Anyone listening?

This week's editorial looks at the recent ferry cuts and consultation debacle.

Perhaps officials of B.C.’s Transportation Ministry and BC Ferries Corp. actually thought their public consultation tour would wring the last input from coastal residents to its recently announced service cuts.

It’s beginning to appear that was merely an opening salvo.

In the past week, local governments and MLAs from both the Liberal party and the opposition New Democrats have lodged a series of formal requests that the decision to axe the Discovery Coast route, linking Port Hardy with Bella Coola, be reversed or at least postponed.

“Mayor and Council urge the Ministry of Transportation and BC Ferries to delay implementation until a full socio-economic study can be completed,” read a letter submitted by the District of Port Hardy Nov. 28.

The letter expressed solidarity with 16 coastal Chambers of Commerce, the Williams Lake & District Chamber of Commerce and the Heiltsuk First Nation in the view that BC Ferries “fails the test of fiscal fairness and discriminates against rural coastal communities … .”

The letter also cited a study comparing BC Ferries with the Washington State ferry system, compiled by Vancouver Island North MLA Claire Trevena, the NDP opposition critic.

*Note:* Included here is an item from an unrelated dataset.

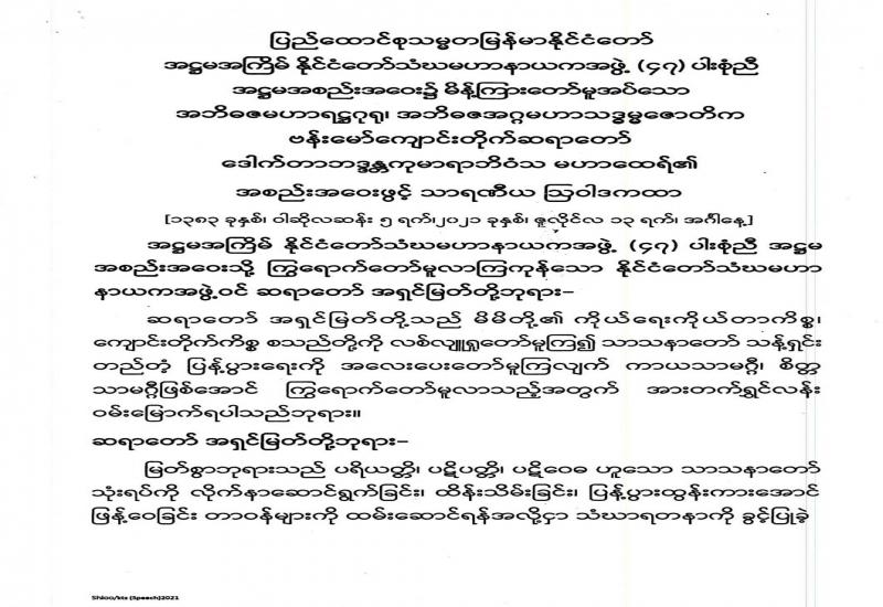 ပြည်ထောင်စုသမ္မတမြန်မာနိုင်ငံတော် အဋ္ဌမအကြိမ် နိုင်ငံတော်သံဃမဟာနာယက အဖွဲ့ (၄၇) ပါးစုံညီ အဋ္ဌမအစည်းအဝေးကို ယနေ့နံနက် ၈ နာရီတွင် ရန်ကုန်မြို့၊ သီရိမင်္ဂလာ ကမ္ဘာအေး ကုန်းမြေရှိ မဟာပါသာဏလိုဏ်ဂူသိမ်တော်ကြီး၌ ကျင်းပသည်။

Trevena’s “Washington State Ferries Fact-Finding Tour” report, issued the same day as the District of Port Hardy’s letter, provides some damning numbers.

While the Washingon State ferries carry 22 million passengers to a comparable 19.9 million for BC Ferries, Washington has 43 managers drawing $5.4 million in salary and bonuses compared to the 615 managers earning $64.6 million for BC Ferries.

Trevena is careful to note a number of mitigating factors and contrasts between the systems, and says a copy-and-paste of the Washington template is impractical for the B.C. coast. But her bottom line is that Washington recognizes coastal ferries as part of its highways system, and they are managed and funded as highways. This is not the case in B.C.

It is one thing for a remote District council and an opposition MLA to raise questions. But Minister of Transportation Todd Stone also heard last week from fellow Liberal MLA Donna Barnett, who represents Cariboo-Chilcotin and who insisted the route 40 cancellation be reversed, at least for 2014.

When the ministry and BC Ferries announced the service cuts, they insisted they wanted to hear from the public. The question remains, are they listening?